ASO lockout 'damaging to everybody'
It's appalling that we are locked out for the second time in two years'
Atlanta’s premiere classical music season is again threatened by what has become a classic labor dispute. The Atlanta Symphony Orchestra locked out its musicians - for the second time since 2012 - on Sept. 7 as contract negotiations failed.
The future looks grim for ASO’s 70th anniversary season, slated to kick off Sept. 25. Last week, the musicians came together, not to play Mozart, but to march a picket line at the Woodruff Arts Center, ASO’s parent organization. With ASO management choosing the hardball tactic of a lockout, the sides weren’t talking as of Friday, and couldn’t even agree on bringing in a federal mediator.
“It’s appalling that we are locked out for the second time in two years,” says Jessica Oudin, a viola section player who reps the Atlanta Symphony Orchestra Players Association in labor talks. “At this time, no further meetings are scheduled … because management has not shown a willingness to budge.”
The musicians face a loss of pay and health insurance, but if the season is cut short, that will be “damaging to everybody,” Oudin says.
WAC spokeswoman Holly Hanchey told CL she can’t comment on the ASO labor situation and couldn’t immediately provide anyone who could.
A statement on the ASO website says, “Management remains committed to keeping the dialogue going and bargaining in good faith so that we can work toward a resolution that will ensure that the music will go on. Management wants to assure a vibrant classical music community that can thrive for decades to come.”
But that dialogue isn’t ongoing - including on ASO’s Facebook page. After hundreds of mostly anti-management comments were posted, ASO disabled commenting due to what it called “hateful language, personal attacks and misinformation.”
The lockout is unpopular not only among ASO fans, but also with its conductors, a group that typically steers clear of orchestra labor disputes. Shortly before negotiations failed, ASO Music Director Robert Spano and Principal Guest Conductor Donald Runnicles issued an unusual open letter to ASO management, musicians, and supporters, imploring them to reach agreement and not cut too deeply.

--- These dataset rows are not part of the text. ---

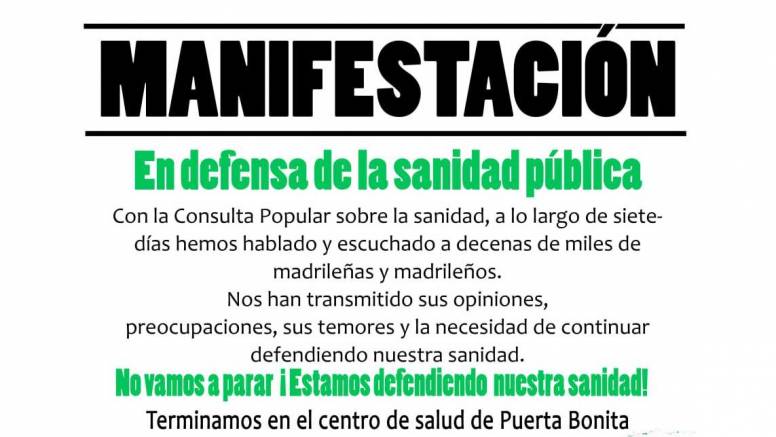 Mañana, 26 de abril, celebraremos una asamblea de vecinas y vecinos de los barrios y pueblos de Madrid, el espacio plural que agrupa a decenas de colectivos y asociaciones. Allí haremos un balance y hablaremos sobre los próximos pasos a seguir. La lucha continúa en defensa de una Sanidad cien por cien pública, universal y de calidad.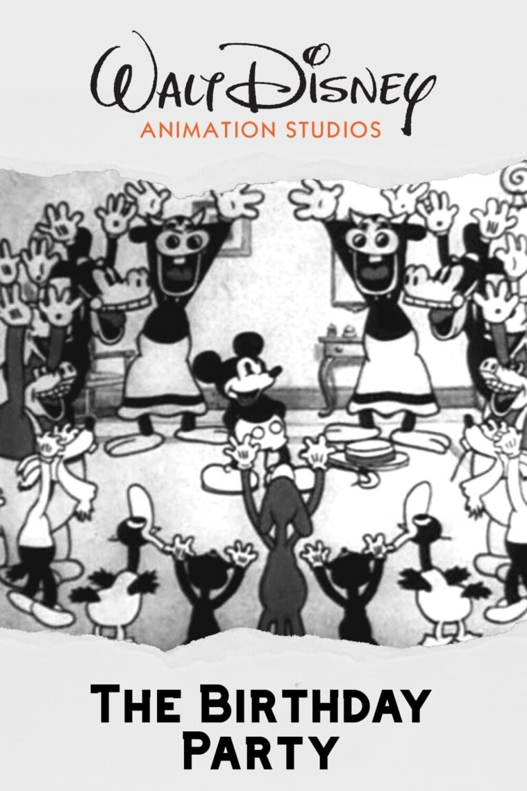 Mickey’s friends throw him a surprise birthday party at Minnie’s house. The chef brings out the cake (with 2 candles); Mickey manages to blow all the cake onto the chef’s face, while the candles stay lit. He unwraps his present: a miniature piano. He plays a duet of I Can’t Give You Anything But Love, Baby with Minnie, followed by an instrumental version of The Darktown Strutter’s Ball, which everyone dances to (including Mickey and Minnie, while the piano stools keep playing). Mickey then plays There’s No Place Like Home on the xylophone, then accompanies Minnie on another piece, after which the xylophone gets frisky and eventually dumps Mickey in the fish bowl.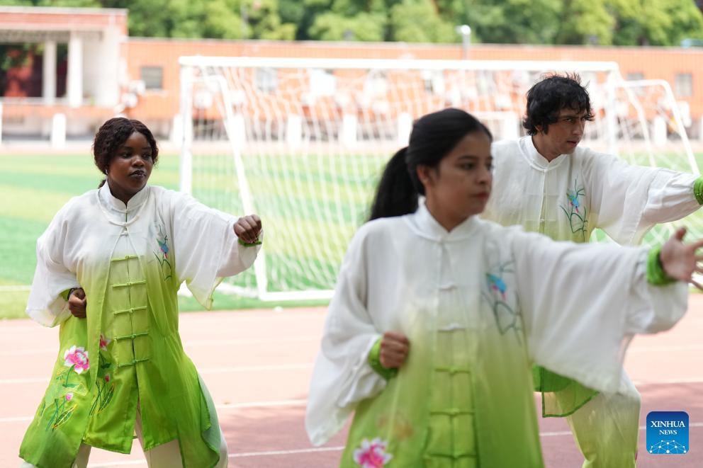 Ekpene Mabel Solomon (3rd R) practices Baduanjin, a traditional form of Chinese aerobic exercise known for its health benefits, with other students at Changsha Medical University in Changsha, central China's Hunan Province, May 29, 2025. (Xinhua/Xue Yuge)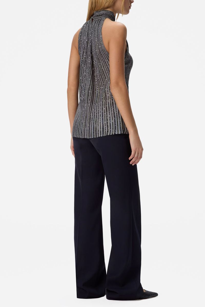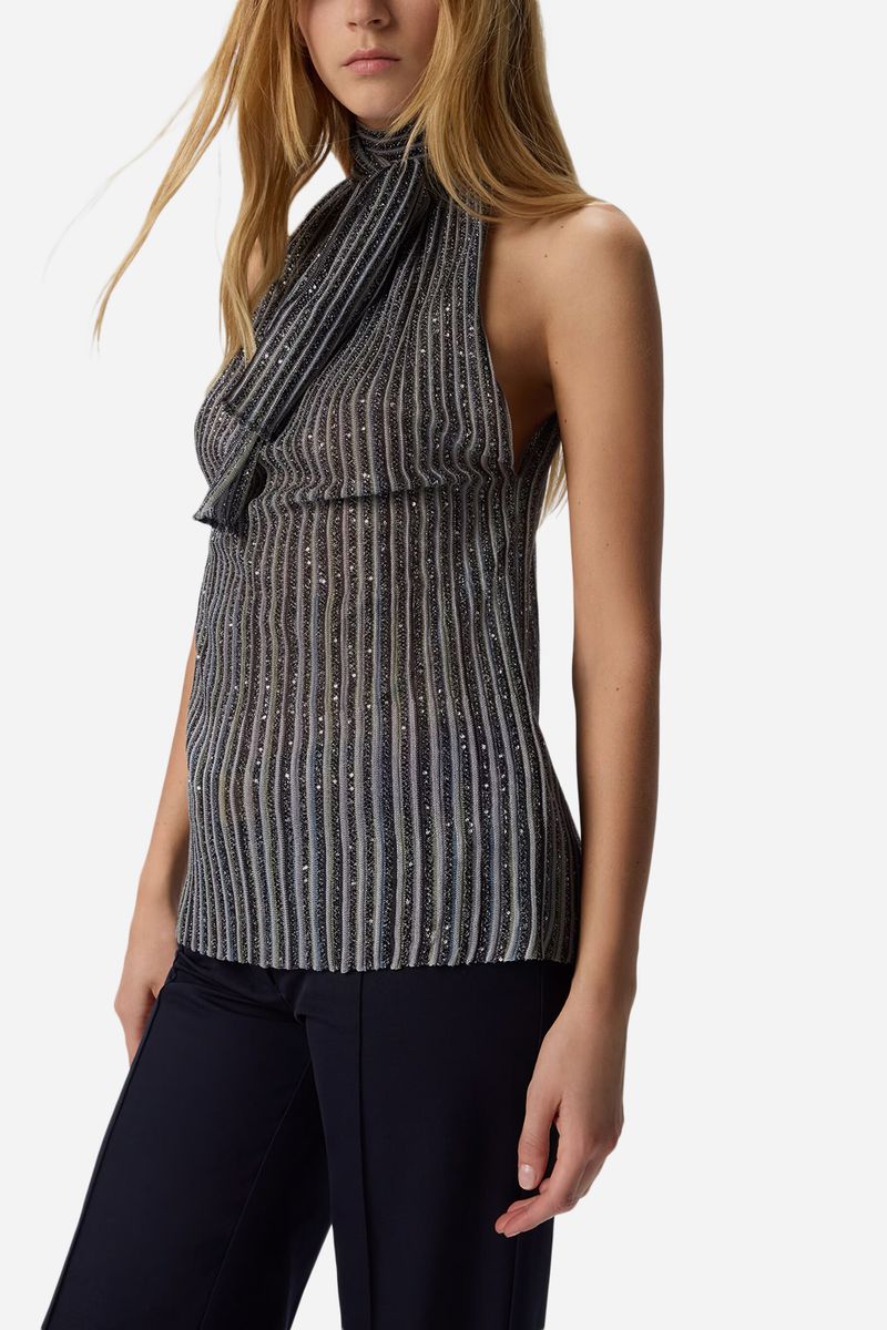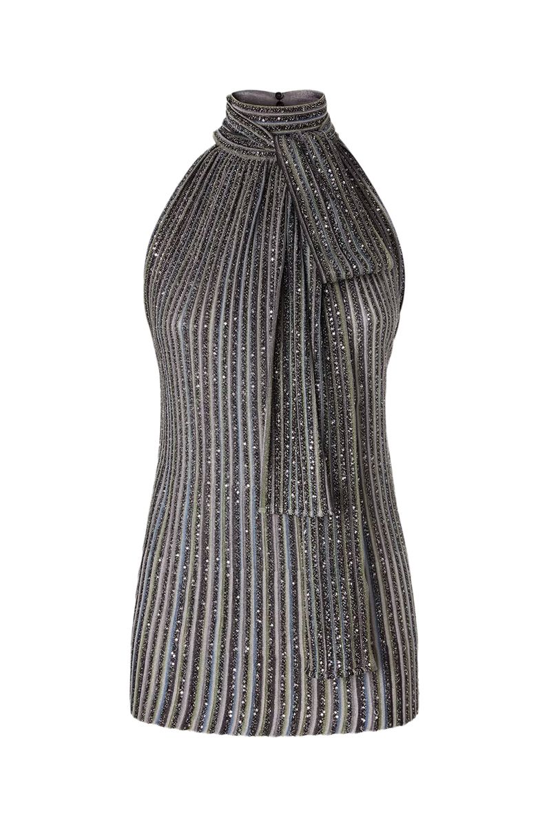 Uma homenagem à maestria da Missoni, esta blusa feminina sem mangas com laço no pescoço personifica a elegância atemporal da marca. Confeccionada em malha listrada parcialmente aberta em viscose com lantejoulas e fios de lamê, a peça brinca com texturas e luz para criar um efeito luminoso e refinado. O laço no pescoço adiciona feminilidade, enquanto a estrutura vazada da malha encontra o equilíbrio perfeito entre leveza e estrutura.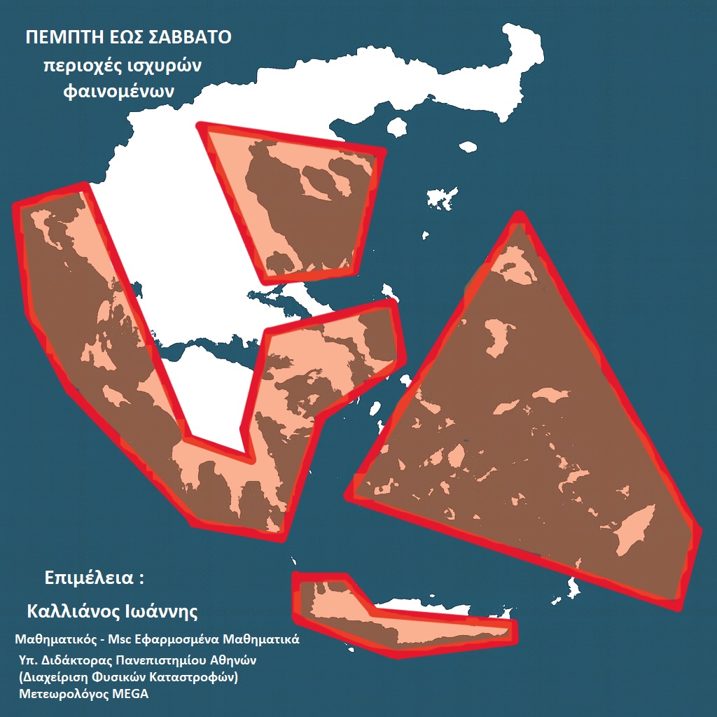 Περιοχές όπου αναμένονται τα ισχυρότερα φαινόμενα :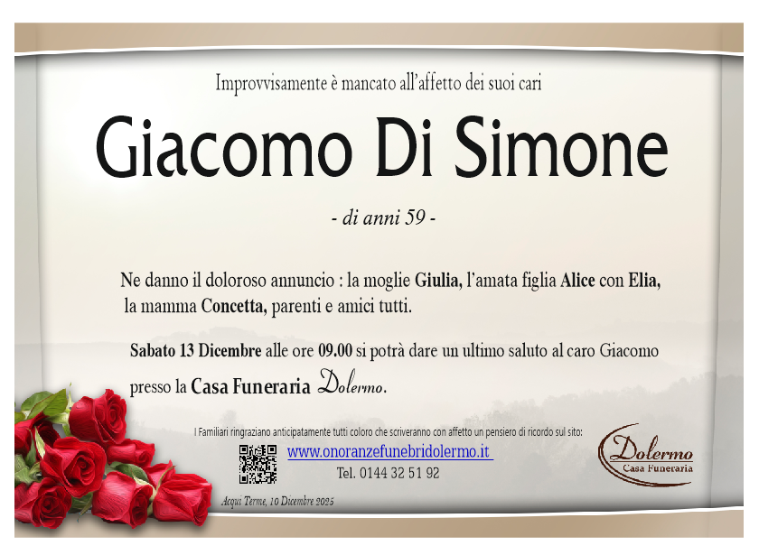 I familiari ringraziano anticipatamente tutti coloro che parteciperanno alla cerimonia funebre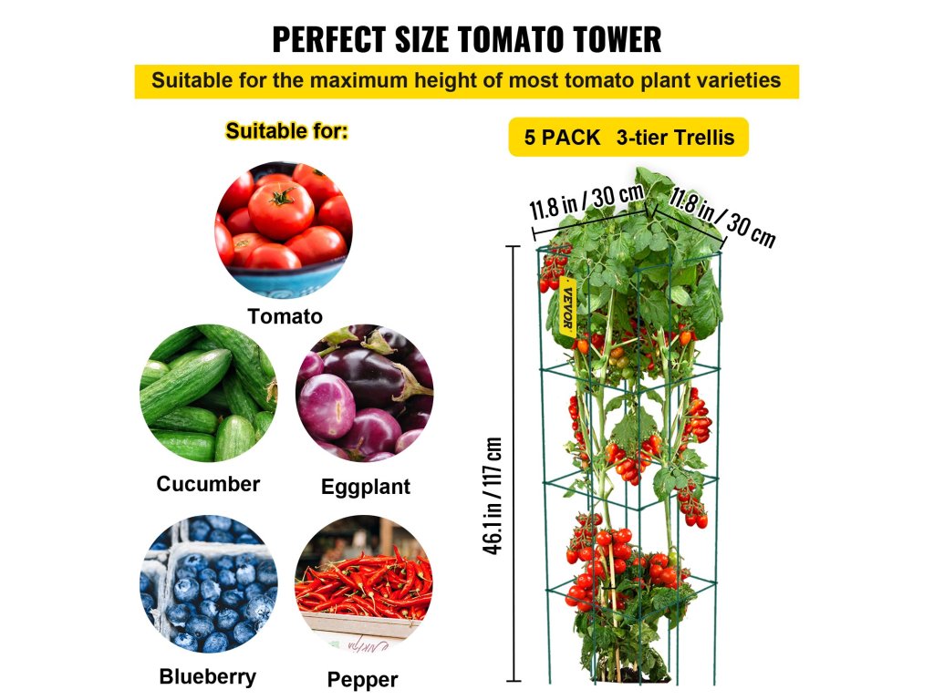 A függőlegesen növekvő növényekkel ellentétben a paradicsomketrecek támogatása nélkül, a mi paradicsomketreceink segítségével könnyebb betakarítani a növényeket. Ideális gyümölcs-, zöldség- és egyéb kúszónövényekhez.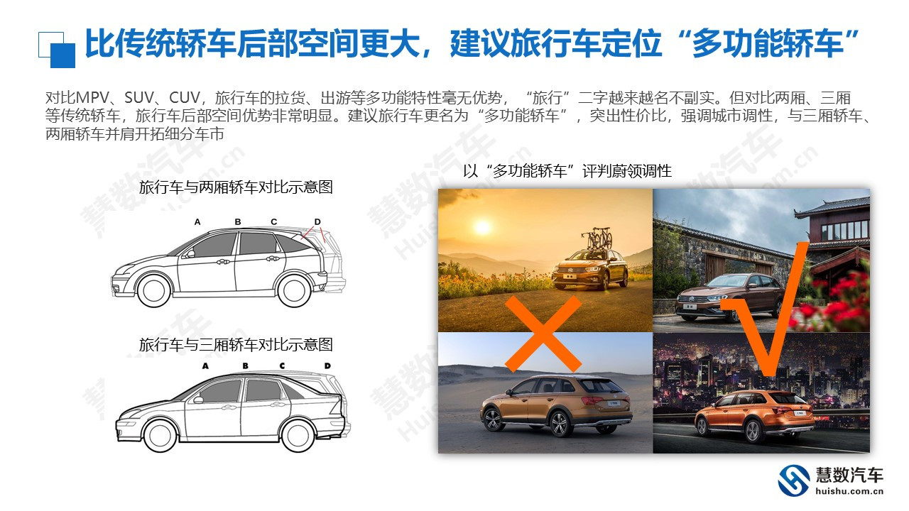 对比MPV、SUV、CUV,旅行车的拉货、出游等多功能特性毫无优势,“旅行”二字越来越名不副实。但对比两厢、三厢等传统轿车,旅行车后部空间优势非常明显。建议旅行车更名为“多功能轿车”,突出性价比,强调城市调性,与三厢轿车、两厢轿车并肩开拓细分车市。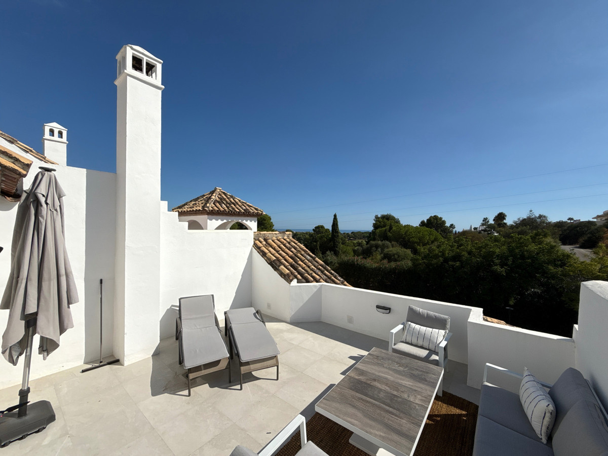Située dans une prestigieuse résidence sécurisée au cœur de Nueva Andalucía, cette maison de ville de 3 chambres, magnifiquement rénovée, allie luxe, espace et art de vivre. Située en première ligne du golf et offrant une vue dégagée sur la mer, cette propriété représente une opportunité exceptionnelle dans l'un des quartiers résidentiels les plus prisés de Marbella.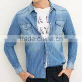 Summer New Fashion Casual Men Long Sleeve Sky Blue Corner Shirt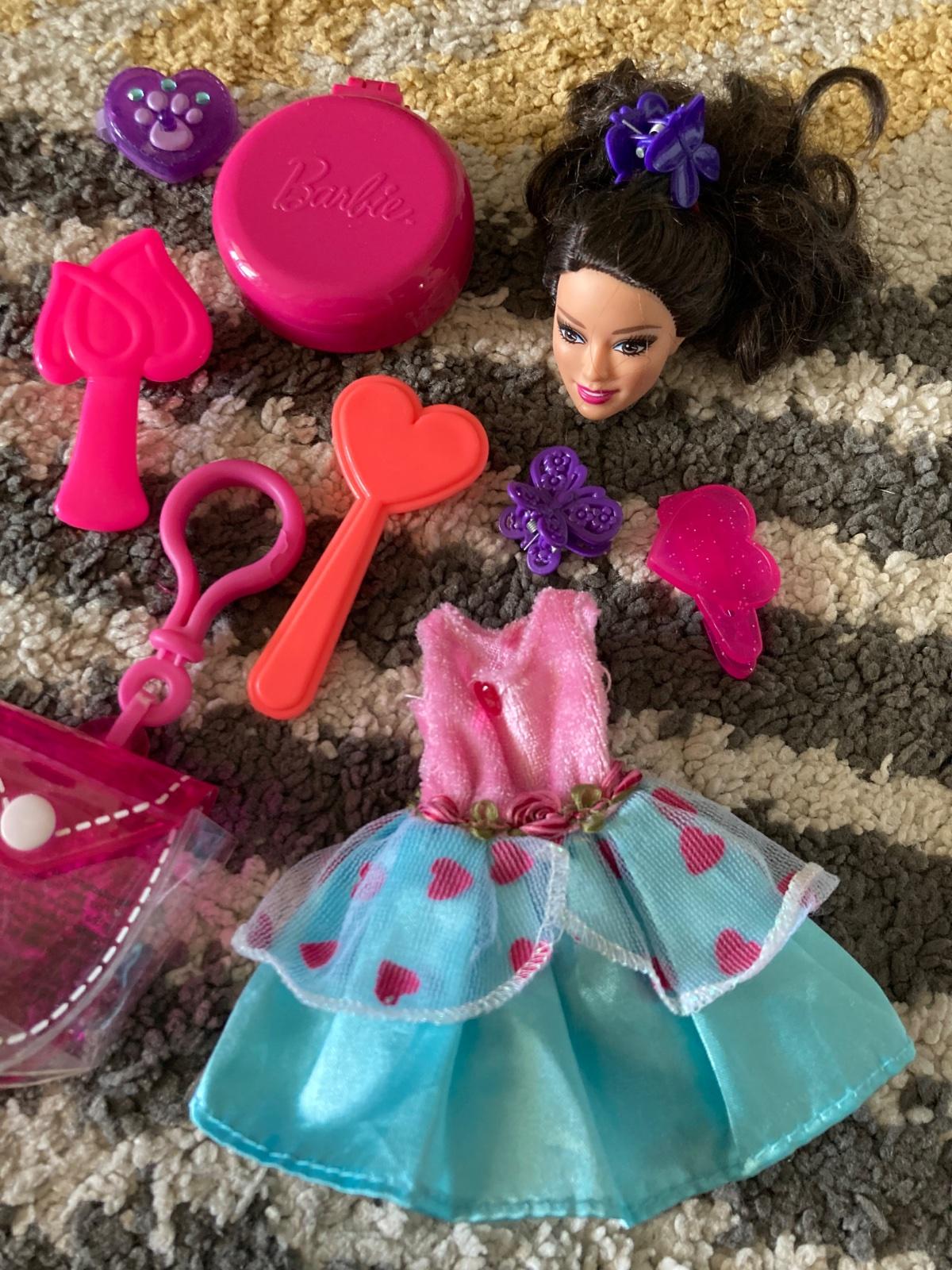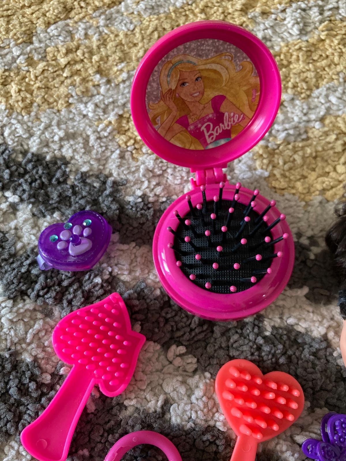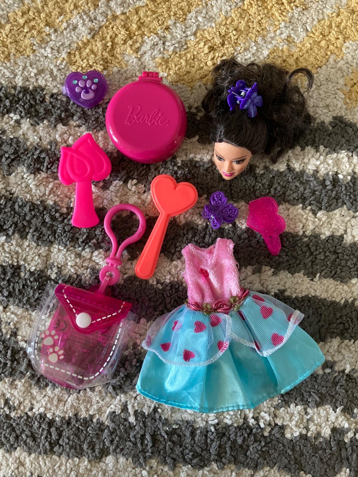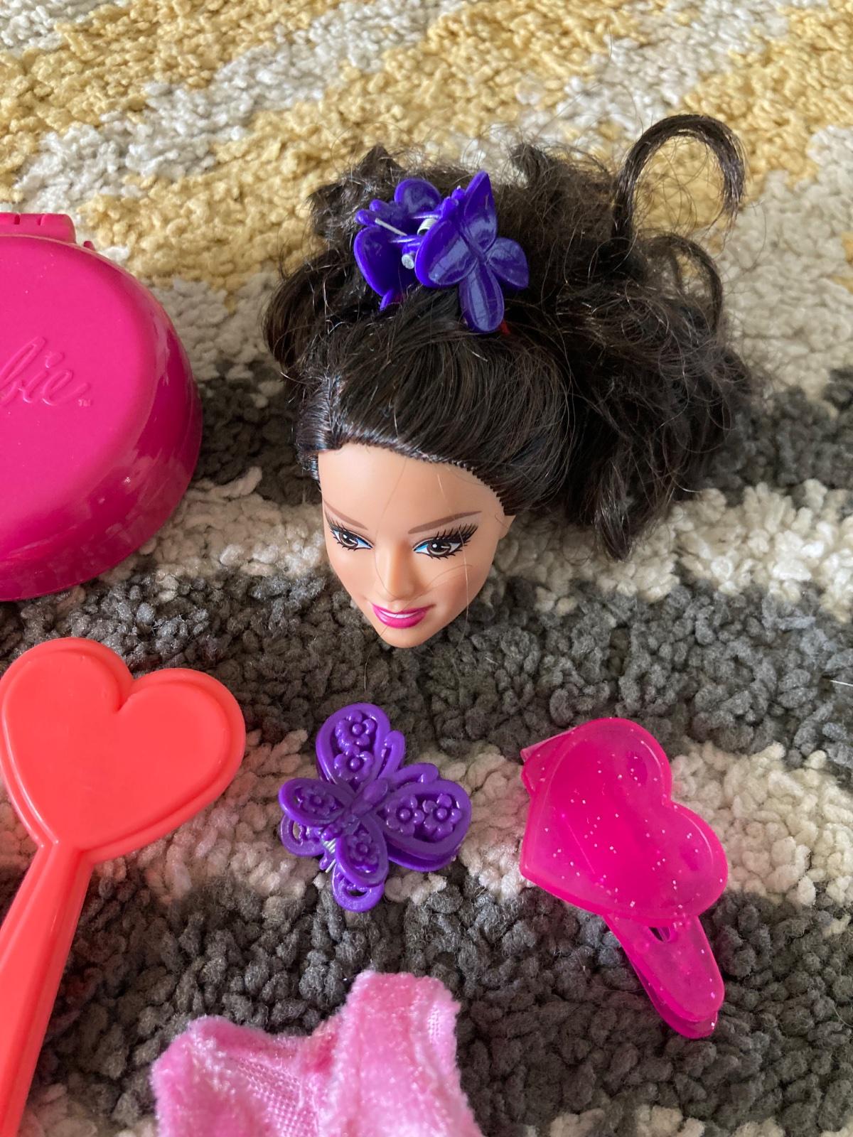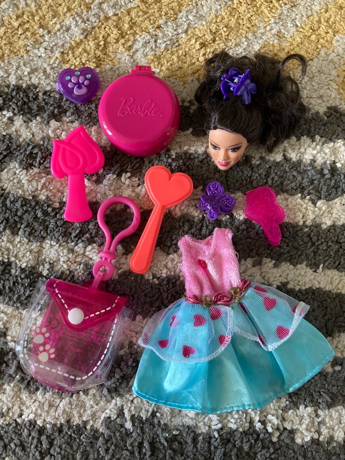 šaty, hlava Barbie na česanie, prívesok na doplnky, kefy na vlasy a sponky

“The concept that stopping the music - whether characterized as lockout or strike - as a reasonable alternative is unfathomable, deeply divisive, and would be a tragic mistake,” Spano and Runnicles wrote. “Sustainability must also be applied to a quality of the orchestra and the notion of excellence, not only to finances. There are artistic lines that cannot and must not be crossed.”
Both sides agree that the ASO is facing a long-term existential threat. The disagreement is about the cause and the solutions. Management says it must chop the budget to end 12 years of deficits, caused in part by a national trend in declining support for classical music. The musicians say management is inept and pruning the ASO too far to ever grow successfully.
The current dispute is just a continuation of the bitter 2012 lockout, when musicians finally salvaged the season by agreeing to brutal cuts. Back then, both sides took big pay cuts, and the musicians agreed to a 10-week summer furlough that forces them to get outside work. In addition, the orchestra’s membership was slashed from 95 to 88, and staff was cut as well.
Oudin says musicians agreed to those “incredible concessions” under the impression they were one-time reorganizations. The cuts did slash the ASO’s deficit from $20 million to about $2.6 million, but that was still higher than expected. ASO says that’s why more cuts are needed. The musicians say that’s management “not living up to their end of the bargain.”
In eight months of negotiations this year, the musicians basically demanded their salaries back, with a 15 percent increase in a five-year deal. They also want the full orchestra membership restored.
Management offered pay increases up to 4.5 percent in a four-year deal, but also with massive health insurance contribution increases. They also offered buyouts to about one-third of the musicians, which Oudin calls a “thinly veiled” attempt to shrink the membership beyond its near-minimal level.
Oudin admits the musicians’ offer would add to the red ink. But, she says, if everyone offered buyouts said yes, it would cost even more.
“It’s particularly egregious they have funds … to buy out musicians of the Atlanta Symphony Orchsetra, but cannot find similar or slightly reduced funds to support the Atlanta Symphony Orchestra,” Oudin says. “We function like a highly trained sports team. You need a minimum number of players on the field to have any shot at winning.”
Another obstacle is the ASO’s unusual position as a division of the WAC rather than a standalone organization. The ASO says it’s a boon, with WAC covering $3.7 million in behind-the-scenes costs. But the musicians view WAC as a mysterious puppet master, blaming it for causing the 2012 lockout by scuttling an earlier agreement. In earlier negotiations, Oudin says, a WAC executive was always in the room.
“Woodruff Arts Center seems to be the entity that really calls the shots,” she says. “We are dealing with [ASO] people we suspect have no authority to get a deal done.”
Any kind of deal seems unlikely now, but Oudin points to the “eerily similar” situation of the Minnesota Orchestra. A 2012 lockout there lasted 15 months, but ended early this year with a leadership change and massive new support from audiences and sponsors.
“It is entirely possible,” Oudin says, “to turn a tragic situation like this lockout around.”